Thursday, June 26, 2008

W.Boudville's Quest for Credibility

As is well known by now, W.Boudville possesses an impeccably positive (four stars) reviews record of a humanly impossible gigantic size. Having reviewed half a dozen scientific treatises a day for a very long time, he probably realised at last that no one can believe he actually reads these books, especially since his ratings are overwhelmingly positive (he likes four stars, probably in a mistaken opinion that an all-four- , rather than all-five-star record will make his record look less absurd).

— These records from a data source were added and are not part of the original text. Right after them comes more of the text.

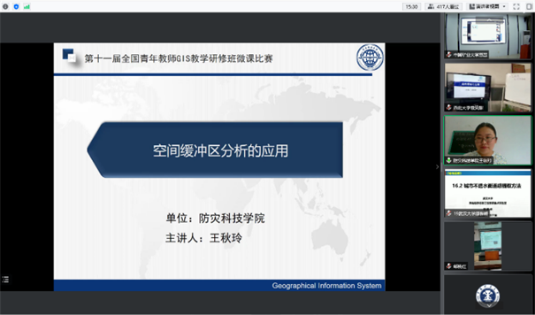 研讨班以专家授课为主,其中穿插学员微课比赛展示环节。参赛作品经过初选,共30位教师微课作品入围比赛复赛环节。公司王秋玲老师结合公司防震减灾救灾办学特色,以“空间缓冲区分析的应用”为题,在复赛中表现出色,荣获二等奖。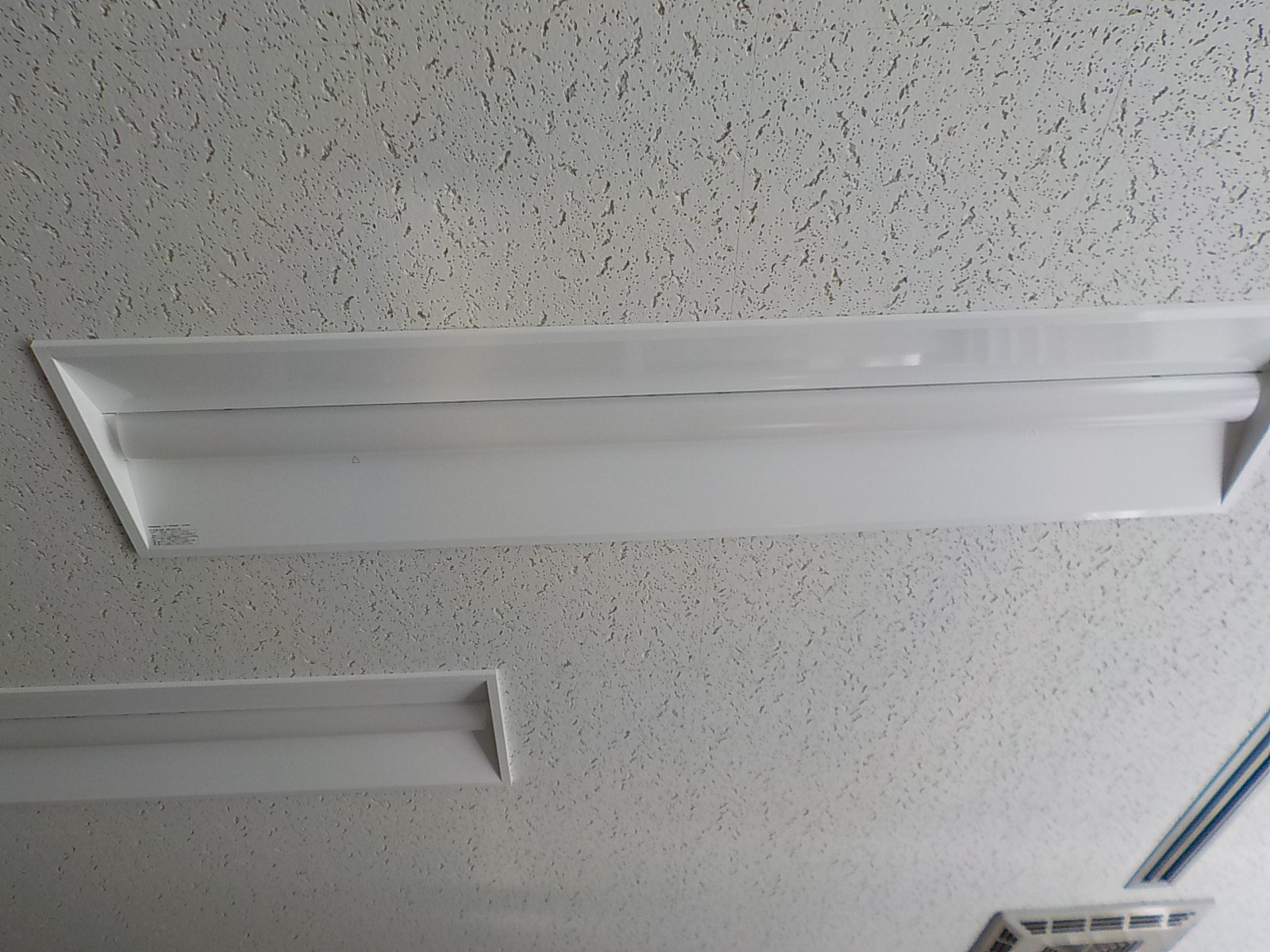 上の写真は、既設の蛍光灯器具です。作業内容は、埋込型蛍光灯器具をLED照明器具へ取替になります。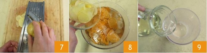 Schneiden Sie auch die Süßkartoffel und die gelbe Kartoffel in Scheiben 7 und tauchen Sie sie ebenfalls in die Schüssel mit den gelben Karotten und dem Topinambur 8. Lassen Sie die Knollenchips etwa 2 Stunden lang einweichen, damit sie sich kräuseln und Stärke verlieren. Kurz bevor Sie sie abtropfen lassen, können Sie die vegane Ingwer-Mayonnaise zubereiten: Gießen Sie die Sojamilch in einen hohen Behälter, fügen Sie das Pflanzenöl hinzu 9.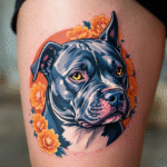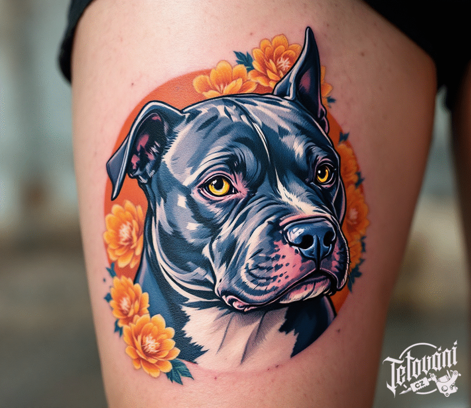 Tetování staford s květinami na stehně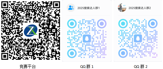 4.在线辅导:参赛学生可加入2025搜索达人QQ群(群1:754305719、群2:472572623)咨询并获取帮助。 |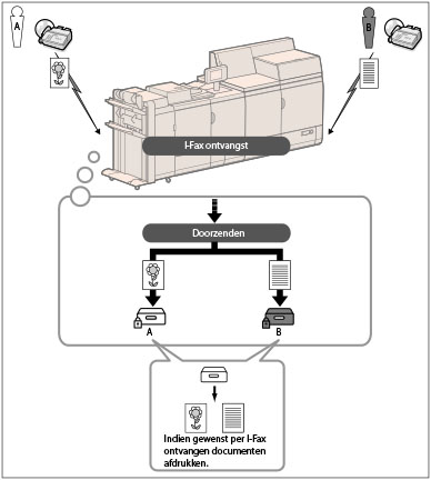 Indien afbeeldingsbestanden die bij ontvangen I-faxdocumenten zijn gevoegd niet compatibel zijn met deze machine, zal de machine deze bestanden niet verwerken (afdrukken, doorzenden of opslaan). In plaats daarvan worden de bestanden verwijderd. In dit geval worden de namen van de gewiste bestanden en de melding <Geen enkel programma kan het bestand verwerken.> afgedrukt met de tekst van de ontvangen I-fax.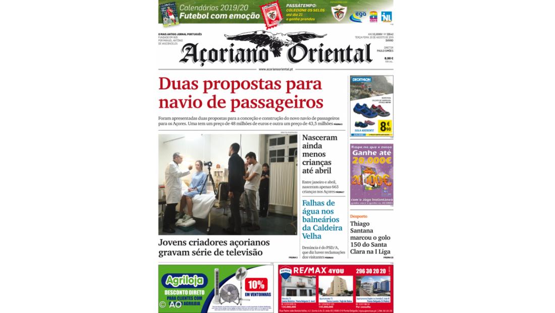 "Nasceram ainda menos crianças até abril" e "Falhas de água nos balneários da Caldeira Velha" são outros destaques do jornal.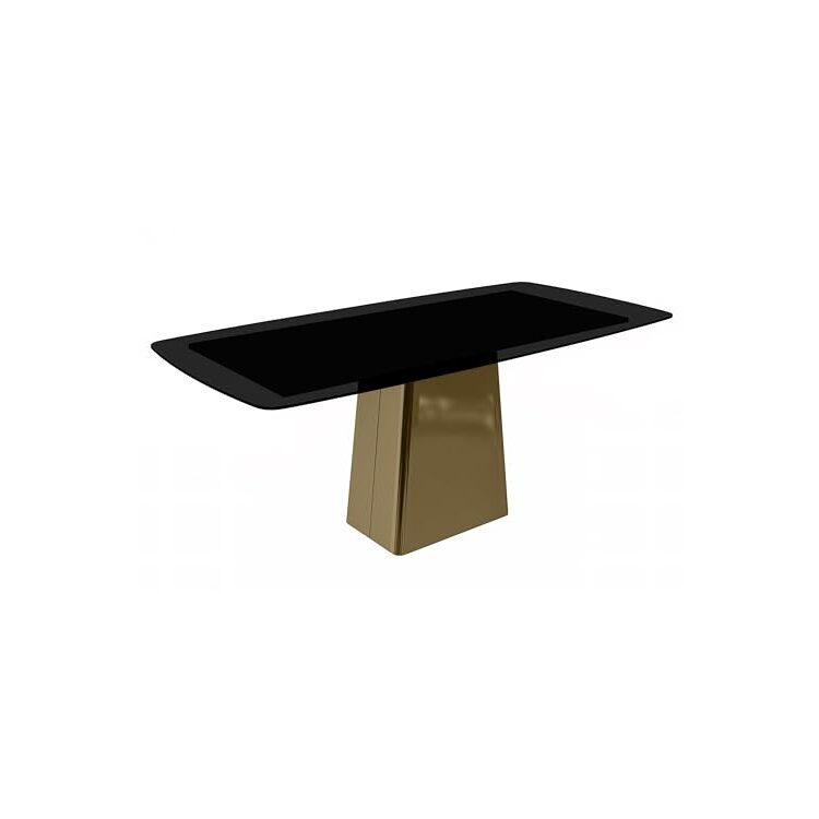 • LeisureMod Quinix Series Dining Table, Gold Base With 71" Black Glass Top image - 1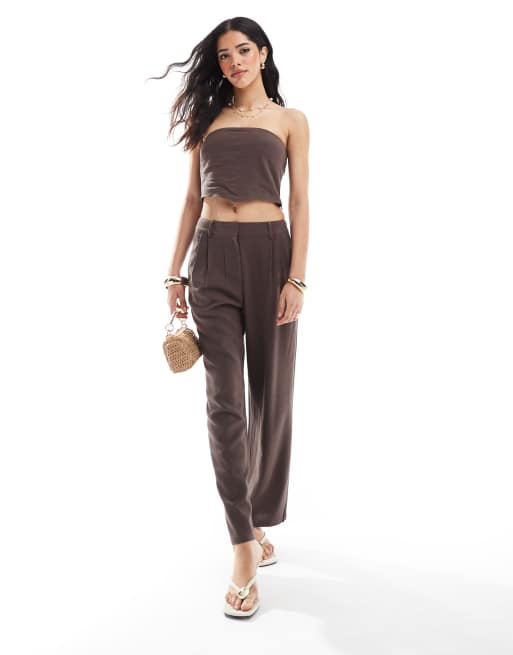 4th + Reckless - Coordinato in misto lino marrone con top a fascia drappeggiato stile fazzoletto e pantaloni con fondo ampio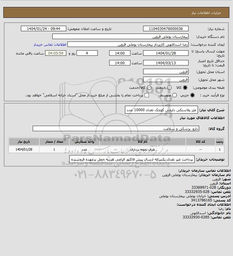 تلفن:5- 88349670 (021) فکس: 88349673 (021) Website: www.ParsNamadData.com E-mail: Info@ParsNamadData.com استعلام مژر پلاستکی دارویی کوچک تعداد 10000 عدد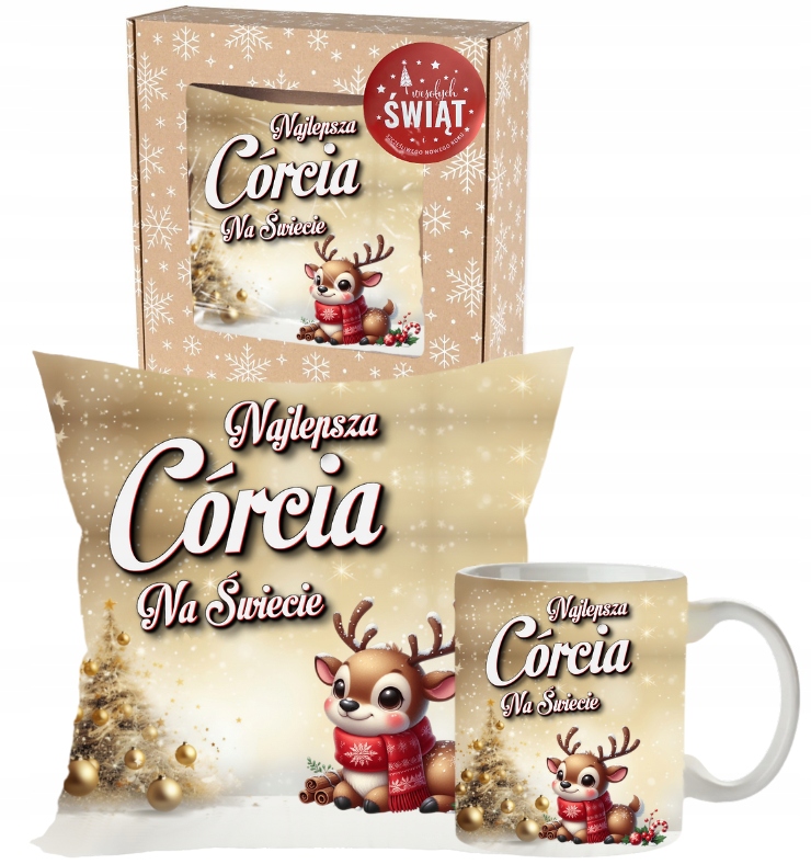 PREZENT DLA CÓRKI NA ŚWIĘTA PODUSZKA KUBEK ŚWIĄTECZNY ZESTAW

Could this be an explanation of his strangest ever habit of, once in a blue moon, picking a book or two and slamming it on most idiotic grounds? Just so he has some negative reviews? Today we have another recurrence of this inexplicable pattern: he reviewed two books, one, a computer book published in 1980, which he slammed for being obsolete, and another one, titled Teach Yourself Basic Computer Skills, which he slams for being too basic ! :O

You just can't make up stuff like that. Truly.

2 comments:

Stanley H Nemeth said...

American children are said to have very few adults of singular achievement on whom to model their lives these days. But this is to allow them to ignore the glut of worthies who abound as Amazon Top Reviewers. Naturally, I blame parents for this oversight. Although I may be accused of unwarranted skepticism, I'd be surprised to hear that any of these impovrished kids have been advised to choose W.Boudville, Grady Harp, or Harriet Klausner as a pattern for imitation. "How sharper than a child's tooth it is to have a thankless serpent"...or do I have things just backwards?

Malleus said...

No, no, you got it exactly right. I thought of this myself: what a splendid example of civic duty everyone of these guys is. It is not for nothing that we tend to attribute especial dignity and wisdom to age! AARP should be proud.